The question for Labour is will these political turning points be critical come 2015? The fact that the UKIP ‘surge’ is being driven by older voters, 17 percent of whom support UKIP, according to last night’s YouGov poll, suggest this latest phenomenon may be short-lived. The Budget broke the deal for the Coalition. By and large people accept that deficit reduction is necessary but to cut the top rate of tax and mess around with pensioners’ tax allowances created a great deal of anger. Add to that the general whiff of incompetence that hangs around the Coalition and we can understand the cause of the change.
If there had been a major political controversy around some European issue then we may be seeing something else driving this UKIP ‘surge’. ECHR judgements notwithstanding, there hasn’t really been anything on the radar. In fact, according to YouGov, Europe has been declining as an issue consistently since the ‘veto’. It peaked at 38 percent as a ‘one of the most important issues’ facing the country in early December 2011. It is now 11 percent.
These are Budget rather than Brussels refugees. They are disgruntled Conservatives who will, in all probability, return home come 2015. It turns out that there are many older Conservatives who are secretly quite social democratic though they would never dream of voting Labour.
There is a wider impact of the Budget, however, which is critical from Labour’s point of view. The Conservatives have a blue-collar problem. Up until now that has been a personality thing and it may have been enough to deny the Conservatives a majority at the last election. Now it’s becoming a political thing. David Cameron, George Osborne and the ‘squeezed middle’ are from different parts of town.
For ‘blue-collar’ read ‘squeezed middle’ or the ‘identity ambivalents’ who appeared in the Searchlight Fear and Hope Report. They are concerned about the future but still just about optimistic, they are economically struggling, they have concern with free-riders and identity. There are more voters who don’t identify with any political party in this ‘identity ambivalent’ group than in any other. In others words, the Conservatives’ loss is not necessarily Labour’s gain come the General Election. Ed Miliband has to appeal to this group and hold on to the refugee Liberal Democrats to secure a majority. The latter group alone is not enough.
For the first time since the General Election, it is no longer hard to imagine Labour building a majority at the next election. Both the groups that Miliband will have to reach to beyond Labour’s 2010 vote need more from the party. Former Liberal Democrats need to know that the party is not stuck in the past, playing an outdated class politics. The ‘identity ambivalents’ need to know that the party is not going to wreck the economy and allow free-riders to take advantage of them while they are doing the right thing.

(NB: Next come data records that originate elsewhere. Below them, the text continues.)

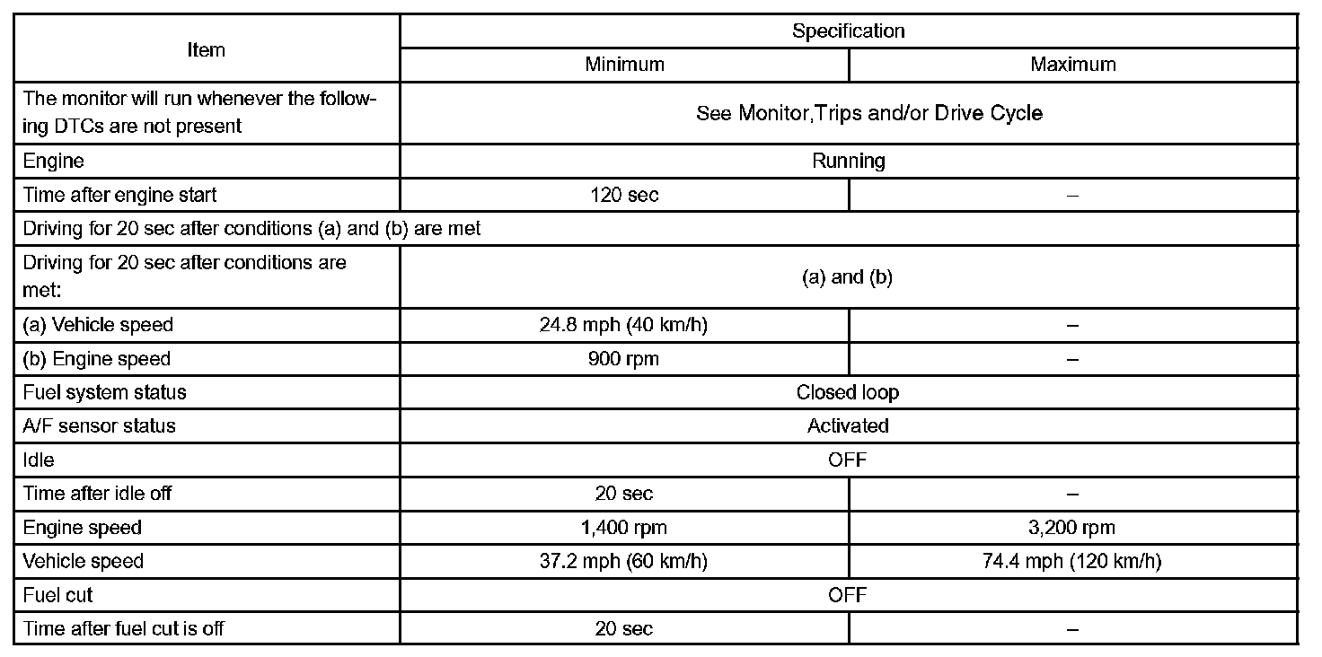 d. Drive the vehicle at 38 to 75 mph (60 to 120 km/h) and engine speed at 1,400 to 3,200 rpm for 3 to 5 min.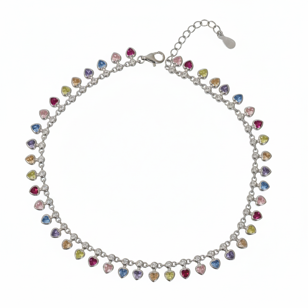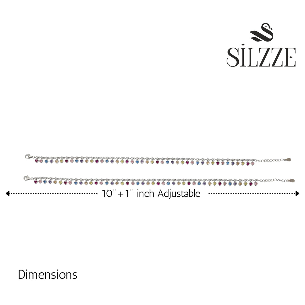 Celebrate color and light with this stunning set of two 925 Sterling Silver anklets, featuring vibrant, dangling Heart-cut color stones showcasing a dazzling array of rainbow-colored Heart-cut CZ stones. The modern, playful design creates a continuous fringe of brilliant color and sparkle, offering a sophisticated take on a fun, trendy style. These anklets will create an absolutely stunning, show-stopping shimmer around the ankle, catching every ray of light with their multi-colored brilliance. Best for any wedding Occasions making you look unique and gorgeous!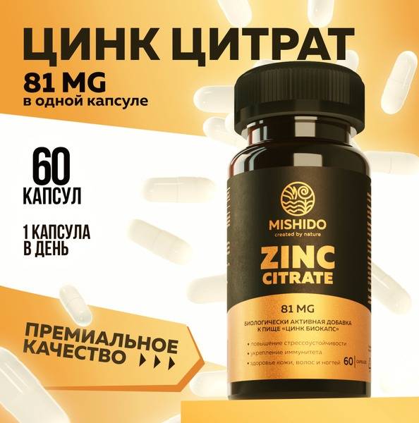 Mishido Zinc Citrate Biocaps deliver highly bioavailable zinc in its citrate form, rapidly replenishing zinc deficiencies. This essential mineral plays a crucial role in macronutrient metabolism, protein synthesis, and maintaining healthy hair and nails. Zinc's antioxidant properties protect cells from oxidative stress, support healthy testosterone levels, boost immunity, and improve cardiovascular health by helping to clear cholesterol from arteries. It may also help reduce the risk of chronic diseases like diabetes, cancer, and heart disease. Zinc helps fight inflammation, shortens the duration and severity of common colds, and enhances cognitive function, improving memory and overall well-being. It regulates blood sugar levels and participates in insulin secretion. By stimulating collagen production, zinc improves skin elasticity, reduces wrinkles, and aids in acne treatment. It also supports prostate health and reproductive function in both men and women. Mishido Zinc Citrate Biocaps are suitable for adults, teens, and athletes. Experience the comprehensive health benefits of this powerful supplement.

Labour’s major issue is still that it is not trusted on the economy. Until it addresses this with both the Liberal Democrat refugees and ‘identity ambivalents’ in mind then the strategy is going to fall short. It’s not deficit or jobs – it’s both. It not head or heart – it’s both. Shifting the economic stance is a critical first strategic step.
Actually, Labour’s broad strategy to talk about responsibility at the top and the bottom and to seek a political conversation with the ‘squeezed middle’ is not a bad starting place once the economic competence issue has been properly confronted. It needs to be brought to life with symbolic policies and communicated in a different way but the basic thinking is right. It’s not all about petrol, pasties and prices. It’s also about getting on, having hope for your kids and ensuring those who do the right thing are rewarded. It’s also about deficit reduction done more equitably.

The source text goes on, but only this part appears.